A certain captain and American citizen called Lewis, employed in the odious trade of Saint-Domingue, and the aforementioned Miranda, have formed a league to make an expedition against Caracas. Captain Lewis left more than a month ago with two armed vessels for the island of Saint-Domingue, under the pretext of going to said island as was his custom, and took with him as many men as he could, without causing suspicion, who, after having left the port of New York, he embarked on Staten Island. He took with him some hundreds of rifles, and carbines, and a great quantity of ammunition: as likewise 1,600 pikes. He must have gone first to Port au Prince, where there is a body of 2,500 mulattoes under the command of a certain Pichon or Petion. These troops, it appears, are afraid of being destroyed, and annihilated by the negroes, who occupy all the other points, under the orders of Dessalines. During the last voyage which Captain Lewis made there, they assured him, that if he could find them a country where they might go, and subsist, they would all move to it in a body. Captain Lewis, on this last trip, went to prepare said mulattoes for the expedition against Caracas, and Miranda must have gone yesterday to join with the aforesaid Captain Lewis, in the ship Leander, an armed vessel with 18 guns, and of the burden of 250 tons, which has been used for some time in that part in the trade of Saint-Domingue. They are also carrying a good quantity of arms and pikes: of the major part of the latter, only the steel heads, without the handles, or in order to release them more easily. Miranda is going in this ship described; and he, as well as Captain Lewis, have found means to associate with themselves four or five merchants, whose secrecy they have assured by an oath, who have already advanced some fifty thousand duros, and have offered to advance other sums, whether in money or provisions, in order to facilitate the success of this expedition.
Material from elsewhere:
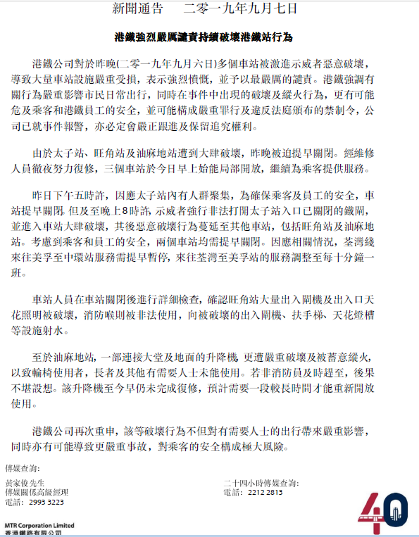 港铁公司9月7日发布新闻通告,并介绍港铁站被破坏及随后修复的情况。港铁提到,由于太子站、旺角站及油麻地站遭到大肆破坏,6日晚间被迫提早关闭。经维修人员彻夜努力复修,三个车站于7日早上局部开放,继续为乘客提供服务。

These circumstances are certain, and although it is too late for the government of the United States to stop this voyage, it is not too late for it to adopt the measures which are at its disposal to vindicate such a serious insult, committed with continuing scandal and notoriety before the eyes of the officers and agents of the federal government in said city. The matter speaks for itself, and so he abstains from observations; except that he shall certainly add that, if the measures which the government judges suitable to adopt are not able, by their prompt and widespread nature, to counteract the effects of an expedition by its circumstances worthy only of filibusters, the government ought not to be surprised if its citizens involved in this enterprise are treated as pirates, and the responsibility for the results remaining with those who deserve it.

Tr (DNA: RG 59, NFL, Spain, vol. 2). 3 pp.; in Spanish; in a clerk’s hand, except for Wagner’s emendations, complimentary close, signature, and note: “The original was returned to the Marquis Yrujo under a blank cover this 18th. Feby. 1806 J. Wagner.”

1For Francisco de Miranda’s 1806 expedition against the coast of Venezuela, see Karen Racine, Francisco de Miranda: A Transatlantic Life in the Age of Revolution (Wilmington, Del., 2003), 155–72.